Я не выдержал, обернулся и посмотрел на Надю. И кивнул ей, потому что ей сейчас было очень, очень плохо, а поддержать я ее никак не мог и защитить – тоже.
– Я – Светлая, Высшая, Надежда Городецкая, – сказала Надя. Голос у нее был никакущий, от такого голоса кровь стыла в жилах. – Я разрываю кровавый завет. Я его ненавижу. Может, когда-то это и было лучшим и правильным выходом, только то время давно ушло. Я его разрываю навсегда. Пусть будет одно только добро или одно только зло, если люди этого заслужили. Но хватит этого равновесия, равновесие добра – это всегда еще и равновесие зла. Я… я…
– Должна назвать жертву, – сказал Двуединый.

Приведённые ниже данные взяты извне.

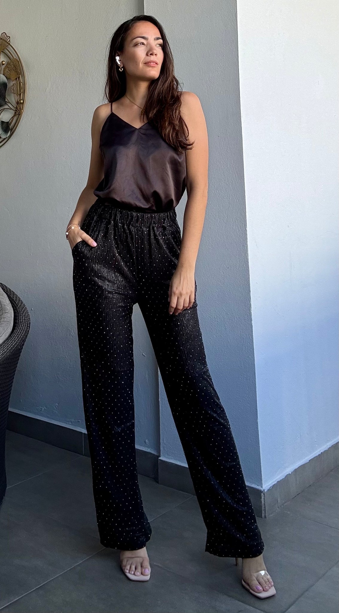Enhance your wardrobe with our Black Straight Glitter Pants. Featuring stylish studs, an elastic waist, and convenient front pockets, these black pants are both functional and fashionable. Perfect for any occasion, these pants will elevate your style while providing maximum comfort.
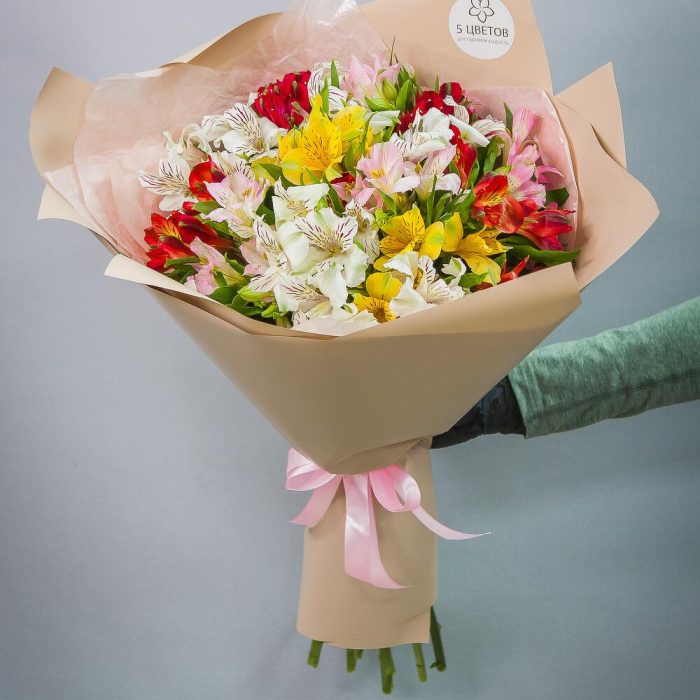 Альстромерия белая – 5 шт.Альстромерия розовая – 5 шт.Альстромерия красная – 5 шт.Упаковка крафт – 1 шт.Атласная лента – 1 шт.

– Моя жертва… – Надежда замолчала, глядя на меня. Я ободряюще кивнул ей. Тут ничего нельзя было поделать. Совсем ничего. – Моя жертва – Антон Городецкий, мой отец. Я… я люблю его, потому что он мой отец, и этого достаточно. Я его ненавижу! Ненавижу, потому что это я должна была стоять на его месте, а он на моем, но он все понял раньше меня и сделал так, как хотел! И это, наверное, до фига как благородно с его стороны, только это подло, подло, подло! И я бы отдала всю свою Силу, она мне не нужна, я готова жить простым человеком, но я слишком слабая, чтобы тебя убить, но я стану сильнее, и я вытрясу из тебя твою мерзкую душонку спящего божка, я пройду через Сумрак и выжгу тебя, начисто, или придумаю дефолианты для Сумрака и отравлю все его слои, ты что, думаешь, я дура, не понимаю, в чем ты прячешься и из чего состоишь, синяя мшистая дрянь!
Наступила тишина, в которой было слышно только ее громкое дыхание.
– Дозор Шести сказал свое слово, – произнес Двуединый. – Кровавый завет разорван. Больше никто не хранит равновесие добра и зла среди людей. Вы вольны жить сами и убивать себя сами. Ваша судьба отныне в ваших руках.
На какой-то крошечный миг мне показалось, что он развернется и уйдет. Как поступил когда-то Тигр. На какой-то крошечный миг имя дочери показалось мне волшебным талисманом, который сохранит меня на краю.
– Я принимаю вашу жертву, – сказал Двуединый.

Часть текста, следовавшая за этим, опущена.